- Joannès in 1952

Member of the Central Committee of the French Communist Party
- In office 1956–1967

Personal details
- Born: Golda-Raka Nussbaum 28 July 1918 Warsaw, Poland
- Died: 6 September 1992 (aged 74) Paris, France
- Party: French Communist Party (PCF)
- Spouse: Victor Joannès ​ ​(m. 1939; died 1972)​
- Children: 4
- Occupation: Seamstress

= Gisèle Joannès =

French trade unionist, communist, and member of the French Resistance (1918–1992)

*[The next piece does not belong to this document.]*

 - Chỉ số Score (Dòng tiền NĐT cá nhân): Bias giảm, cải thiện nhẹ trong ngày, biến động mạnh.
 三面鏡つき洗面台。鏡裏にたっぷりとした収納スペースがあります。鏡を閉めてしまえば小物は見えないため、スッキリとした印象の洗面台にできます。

Gisèle Joannès (28 February 1918 – 6 September 1992) was a French trade unionist and communist who operated underground as part of the French Resistance during World War II.

== Early life ==
Originally born in Poland, Joannès's family immigrated to Paris in 1921 when she was around three years old. Her family were nonpracticing Jews, although she was an atheist like her father. When she was 17, she joined the French Communist Youth organization. (Note: Also called l’Union des jeunes filles) She sewed clothes at a "couture" workshop, and was, in her words, "a card-carrying member of the CGT syndicate". In November 1938, she was fired for going on strike.

== Resistance against Nazi occupation ==

In April 1939, when she was 20 years old, she married Victor Joannès, the National Secretary of the French Communist Youth organization. In September, her husband had to go into hiding; the following month, Joannès joined him after the police tried to arrest her at her home. From this point until the end of World War II, she dedicated herself to the French Resistance against the Nazi occupation of France.

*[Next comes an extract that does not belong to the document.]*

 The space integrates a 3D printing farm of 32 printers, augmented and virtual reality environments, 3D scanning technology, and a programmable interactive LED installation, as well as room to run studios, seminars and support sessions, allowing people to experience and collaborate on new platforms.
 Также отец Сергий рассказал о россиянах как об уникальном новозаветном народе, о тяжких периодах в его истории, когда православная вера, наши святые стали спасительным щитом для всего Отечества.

While operating underground for the resistance, Joannès adopted different pseudonyms, including "Pierrette" and "Rolande". She also secretly wrote L'Avant-garde, an underground communist newspaper. She would type editions of the paper "with two fingers" and turn up the volume of the radio in her apartment "as loud as possible" to mask the noise of the typewriter. She also frequently traveled to the countryside, smuggling "false cardsration cards, identity cards, and blank marriage certificates". She rode her bicycle and took commuter trains to avoid suspicion.

Joannès described how she had a close call in 1942 when an "Economic Officer" (Note: These officers "prosecuted black marketers".) stopped her and tried to inspect the parcel she carried on her bicycle. The parcel contained food and false documents, which she had covered with baby clothes. When the officer reached to look under the clothes, she started to cry and pleaded with him to leave the items alone, because she needed everything for her baby and her imprisoned husband. All of this was a lie, but the officer believed it.

== Trade unionism and politics ==

After the war, Joannès joined the Women's Commission of the General Confederation of Labour (CGT). She launched two newspapers for women workers in the 1950s: the Revue Des Travailleuses in 1952 and Antoinette (magazine) in 1955. She also served as secretary general of the Clothing Federation from 1952 to 1976. Her advocacy was focused on empowering women in the workforce.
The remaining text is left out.